非线性编辑系统中使用的第一个长gop格式是丁肝病毒这是一种基于mpeg - 2的格式，想象一下它带来的复杂性. 例如, 使用DV和Motion-JPEG, 每一帧都是完全自我参照的, 所以你可以把编辑播放头拖到视频中的任何一帧, 它可以实时解压.

然而, 使用基于mpeg - 2的丁肝病毒, 如果你把游戏头拖到b帧, the non-linear editor would have to decompress all frames referenced by that B-frame, 和 those frames could be located before or after that B-frame in the timeline. 在当时动力不足的计算机系统上, most working with 32-bit operating systems that could address only 2GB of memory, 长gop格式导致明显的延迟，这使得编辑无响应.

As camcorders increasingly came to rely on long GOP formats like mpeg - 2 和 H.264存储他们的数据, 一种新型编解码器, 通常称为中间编解码器, 到达现场. 这些公司包括Cineform公司.苹果ProRes和Avid DNxHD. 的se 编解码器s use solely intra-frame compression techniques for maximum editing responsiveness, 非常高的数据留存率.

函数专用编解码器

的se intermediate 编解码器s highlight the fact that while there is some crossover, 通过它们的功能来识别编解码器是很有用的, 其中包括以下类别:

用于摄像机的采集编解码器

的se includes Motion-JPEG used in DV 和 DVCPROHD, mpeg - 2 as used in Sony’s XDCAM HD 和丁肝病毒, 和 H.AVCHD和许多数码单反相机中使用的264. 的 role of the 编解码器 here is to capture at as high a quality as possible while meeting the data rate requirements of the on-board storage mechanism.

中间编解码器，如上所述，主要在编辑期间使用

As mentioned, in this role, these 编解码器s are designed to optimize editing responsiveness 和 quality.

交付编解码器

这些包括用于DVD、广播和卫星的mpeg - 2、mpeg - 2、VC-1和H.264是蓝光格式，H.264, VP6, WMV, WebM和多种其他格式的流传输. 在这个角色中, 编解码器必须匹配传输平台规定的数据速率, 在流媒体的情况下呢, 是否远远低于用于收购的比率.

编解码器和容器格式

将编解码器与容器格式区分开来是很重要的, 虽然有时它们的名字相同. 短暂的, 容器格式, 或包装, 文件格式是否可以包含特定类型的数据, 包括音频, video, 隐藏式字幕文本, 以及相关的元数据. 尽管有一些通用的容器格式, 像QuickTime, most 容器格式 target one aspect of the production 和 distribution pipeline, 比如MXF，用于在摄像机上进行基于文件的捕获, FLV和WebM用于流媒体Flash和WebM内容.

在某些情况下, 容器格式有一个或主要的编解码器, 比如Windows Media Video和WMV容器格式. 然而，大多数容器格式可以输入多个编解码器. QuickTime has perhaps the broadest use, with some camcorders capturing mpeg - 2/H.264 video in the QuickTime container format, 以及在iTunes上分发的大量带有MOV扩展的视频.

一个可能引起混淆的领域与MPEG-4有关, 它既是一种容器格式(MPEG-4第1部分)又是一种编解码器(MPEG-4第2部分)。
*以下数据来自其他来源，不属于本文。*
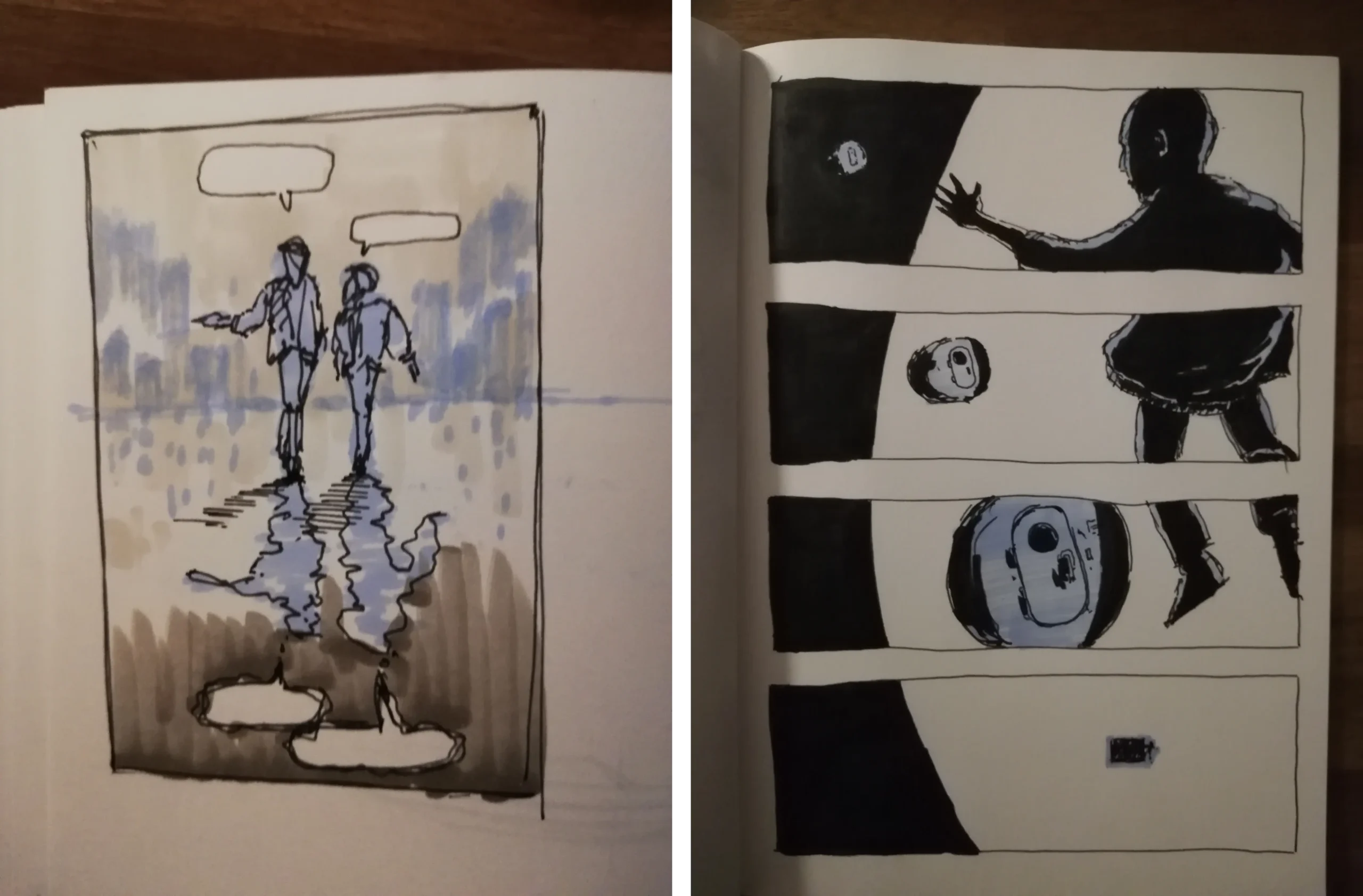 How do you approach your sketchbooks and what you like to draw? I also loved the time lapse videos of you sketching out the artwork for your new release too. Is taking into digital a recent thing you’ve been exploring? Thank you! While I do draw digitally on an iPad with procreate for client work or my record cover, I mainly use drawing to get away from screens. So it’s back to just pen and paper. I started in the beginning of last year to reduce screen time to a minimum which turned out to be the most effective ADHD treatment after medication and caring for a dog. So much so that recently I got re-evaluated and lost the H and advanced to ADD. I do keep a journal and will also doodle all over it. Sometimes when watching a movie I will pause on a frame I like and take a quick sketch. Or do character studies, frame layouts or story boards for that comic I had in mind. Practicing inking with a brush or nib to get the muscle memory back.
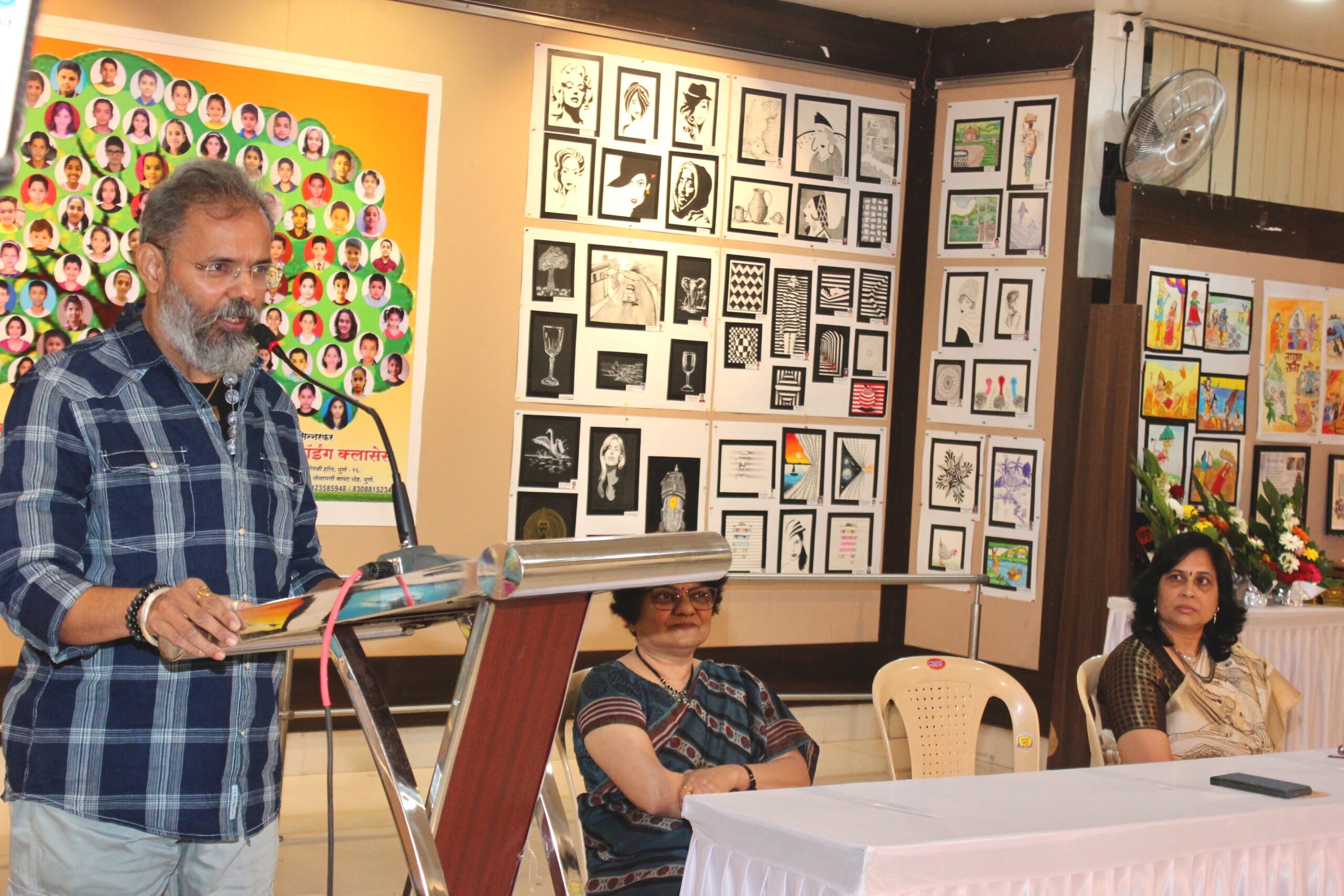 पालकांनी मुलांची आवड व कल ओळखून त्यांना योग्य दिशेने प्रोत्साहन द्यावे. ड्रॉईंग, डिझाईन व आर्किटेक्चर सारख्या क्षेत्रात यशस्वी होण्यासाठी सातत्यपूर्ण सराव अत्यंत आवश्यक आहे. मोबाईलच्या अतिवापराऐवजी कला जोपासल्यास मुलांचा एकाग्रता व कल्पकता निश्चित वाढते.शैला सिन्नरकर यांनी माहिती दिली की, हे प्रदर्शन ३ फेब्रुवारीपर्यंत सकाळी १० ते रात्री ८.३० या वेळेत पुणेकरांसाठी विनामूल्य खुले आहे. यावर्षी प्रदर्शनात १३० विद्यार्थ्यांनी सहभाग घेतला असून ‘पाणी वाचवा’, ‘पृथ्वी वाचवा’, ‘सेव्ह टायगर’, सोशल मीडियाबाबत जागरूकता, व्यसनमुक्ती, भारतीय सैन्याचा अभिमान, झाडे वाचवा असे सामाजिक संदेश देणारी चित्रे प्रदर्शित करण्यात आली आहेत. यासोबतच पोर्ट्रेट्स, कॅनव्हास पेंटिंग, कॉफी पेंटिंग, म्यूरल्स, निसर्गचित्रे, पेन्सिल शेडिंग व स्थिरचित्रे पाहायला मिळत आहेत.कार्यक्रमाचे सूत्रसंचालन संजय भुजबळ यांनी केले.

. 从技术上讲，至少从ISO的角度来看，H.264 is also an MPEG-4 编解码器 (MPEG-4 part 10), which has largely supplanted use of the MPEG-4 编解码器. As a container format, an MP4 file can contain video encoded using the mpeg - 2, MPEG-4, VC-1, H.263和H.264编解码器.

用VC-1编码你的MP4文件, 然而, 和 neither the QuickTime Player or any iOS device will be able to play the file. 在这方面, 当生成要分发的文件时, it’s critical to choose a 编解码器和 container format that’s compatible with the playback capabilities of your target viewers.

多数道路通向H.264

从历史上看, 视频编解码器在多个不同的路径上发展, 有趣的是，大多数路径都指向H.264，这就是为什么编解码器在今天如此流行的原因. 一条途径是通过国际标准组织, 谁的标准影响了摄影, 计算机和消费电子产品市场. ISO于1993年发布了第一个视频标准, 什么是MPEG-1, 随后在1994年推出了mpeg - 2, 1999年的MPEG-4, 和AVC / H.264 in 2002.
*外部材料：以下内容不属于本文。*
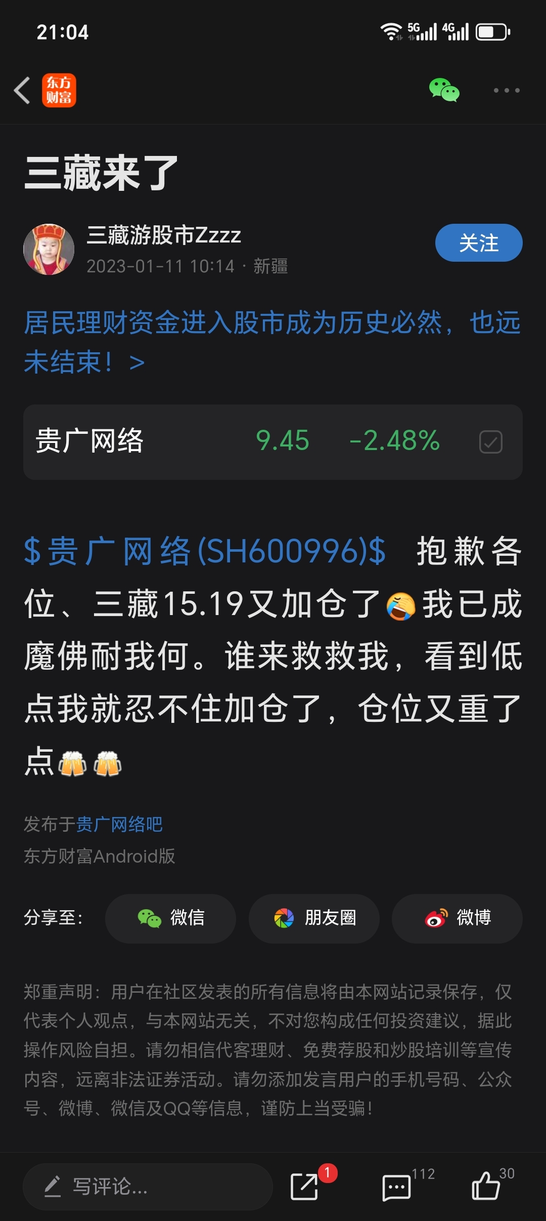 温馨提示: 1.根据《证券法》规定,禁止编造、传播虚假信息或者误导性信息,扰乱证券市场;2.用户在本社区发表的所有资料、言论等仅代表个人观点,与本网站立场无关,不对您构成任何投资建议。用户应基于自己的独立判断,自行决定证券投资并承担相应风险。《东方财富社区管理规定》
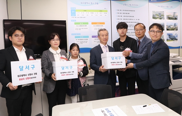 대구 달서구(구청장 이태훈)는 11월 6일 오후 4시 대구의 백년대계를 위한 소명과 60만 달서구민의 신청사 유치 열망을 담고 각계각층의 전문가의 검토와 자문을 거쳐 완성한 대구광역시 신청사 건립 후보지 신청서를 구민대표 4명이 직접 접수하였다.
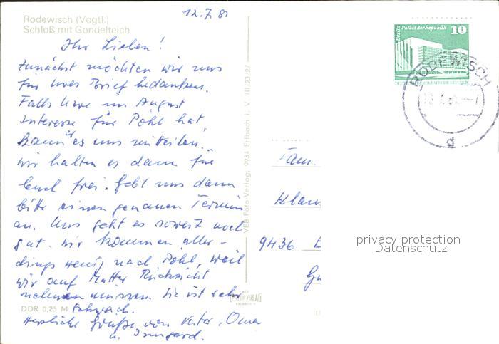 72299017 alte Postkarte Rodewisch Schloss Gondelteich postalisch gelaufen Erhaltung siehe scans KatCode: 11110014178540
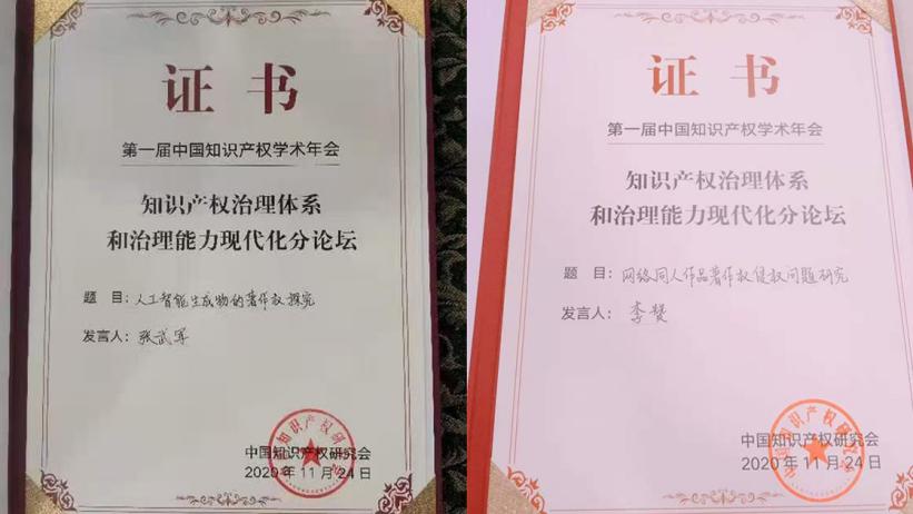 此届年会由中国知识产权研究会主办。参会代表围绕年会主题,以及“民法典下的知识产权与专利法第四次修改”“知识产权治理体系和治理能力现代化”“新技术新业态知识产权保护”“知识产权与经济高质量融合发展”四个议题进行了深入探讨。来自政府有关部门、科研院所、知识产权服务机构等500余名代表,通过线上线下结合的方式参加本次学术年会。91麻豆张武军教授指导的研究生王新颖和李赞分别做了“人工智能生成内容的著作权保护研究“和”网络同人小说著作权侵权问题研究“大会发言
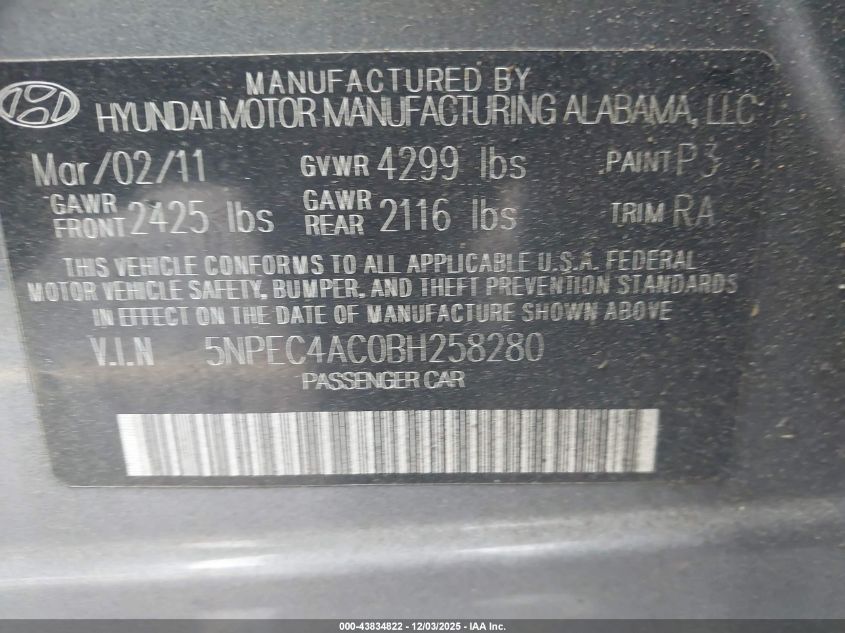 2011 HYUNDAI SONATA 2011 року Бензин, 2.4, Передний привод, vin - 5NPEC4AC0BH258280 из США

下一个途径是通过国际电信联盟, which is the leading United Nations agency for 信息和 communication technology issues, 并为电话标准做出了贡献, 广播电视市场. 国际电联首次发布了他们的第一个视频会议相关标准H.1984年，与H.1990年，H.1994年，H.1995年，H.264，它是在2002年与ISO共同开发的.
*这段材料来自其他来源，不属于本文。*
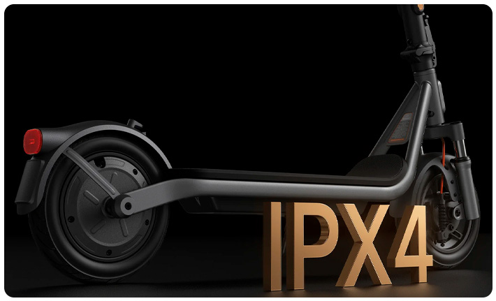 Cuenta con certificación de resistencia al agua IPX4 en toda la estructura del scooter y protección IPX6 en la batería, ofreciendo mayor seguridad frente a salpicaduras y condiciones climáticas adversas.
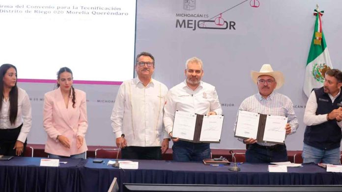 Morelia, Michoacán, 19 de junio de 2025.- El gobernador Alfredo Ramírez Bedolla firmó un convenio con la Comisión Nacional del Agua (Conagua) para tecnificar los módulos de riego II, III y IV del Distrito de Riego 020 Morelia-Queréndaro con una inversión de 220 millones de pesos.
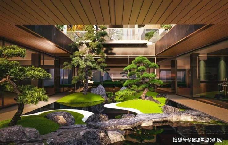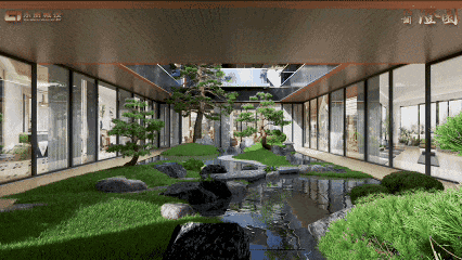 门廊前精心营造的动态山水园林更是点睛之笔——
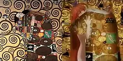 The opening and ending sequences feature artistic drawings of the principal characters. These characters are drawn in a style based on Gustav Klimt's paintings, including The Kiss, Adele Bloch-Bauer I, and others with similar imitating poses, colors, and patterns.[14] In promotional art as well as in the series itself, characters make use of a famous El Greco hand symbol of outstretched fingers with the middle and ring fingers connected. The song Elfenlied ("Elf Song") appears in the manga[15] and is credited to the composer Hugo Wolf. A poem by Eduard Mörike is the basis for Wolf's version. It is taught to Nyu by the manga-only protagonist Nozomi.
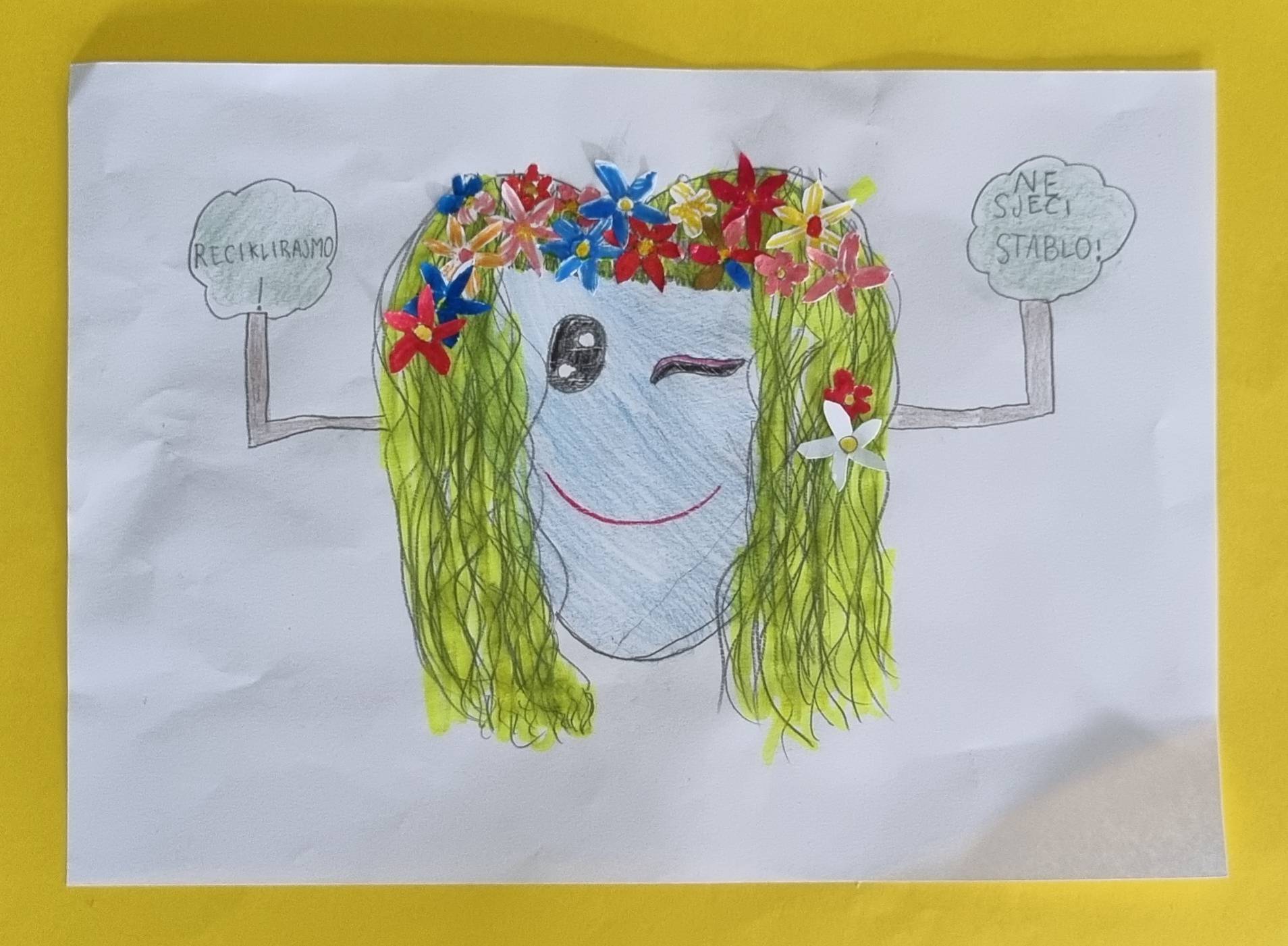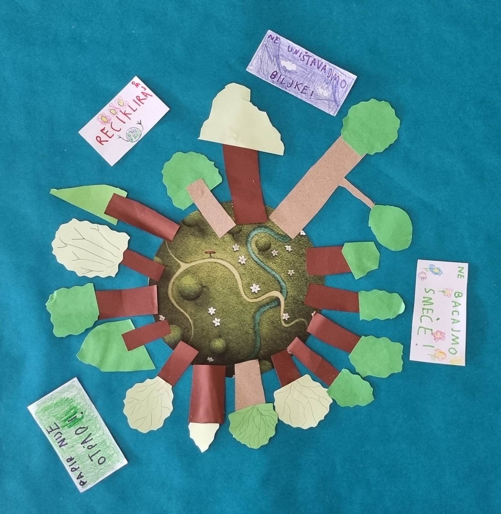 Nakon radionice recikliranja papira učenici su napisali nekoliko eko poruka kojima smo ukrasili razredni pano.

正如我们所见, 数码摄像机最初使用DV编解码器, 然后过渡到mpeg - 2, 哪个继续占有重要的份额. AVCHD是H.基于264年的格式, 使用这种格式的个人摄像机越来越受欢迎, 使用H键的摄像机也是如此.基于264的avc intra格式. H.264完全占据了佳能7D等数码单反相机的市场, 几乎所有的摄像机都使用H.264.

On the delivery side, while most cable TV broadcasts are still mpeg - 2-based, H.264在有线电视中发展迅速，在卫星广播中得到广泛应用. 流媒体市场最初由专有编解码器主导, 最初是RealNetwork的RealVideo, 然后是微软的Windows Media Video, 然后On2的VP6, 与索伦森视频3主要的QuickTime编解码器. 2002年，苹果的QuickTime 6首次支持MPEG-4.264添加到QuickTime 7在2005年. 同年，第一款带有视频功能的iPod上市，同样搭载了H.264(和MPEG-4)支持. 2007年，Adobe加入了H.264对Flash的支持，微软Silverlight的支持紧随其后.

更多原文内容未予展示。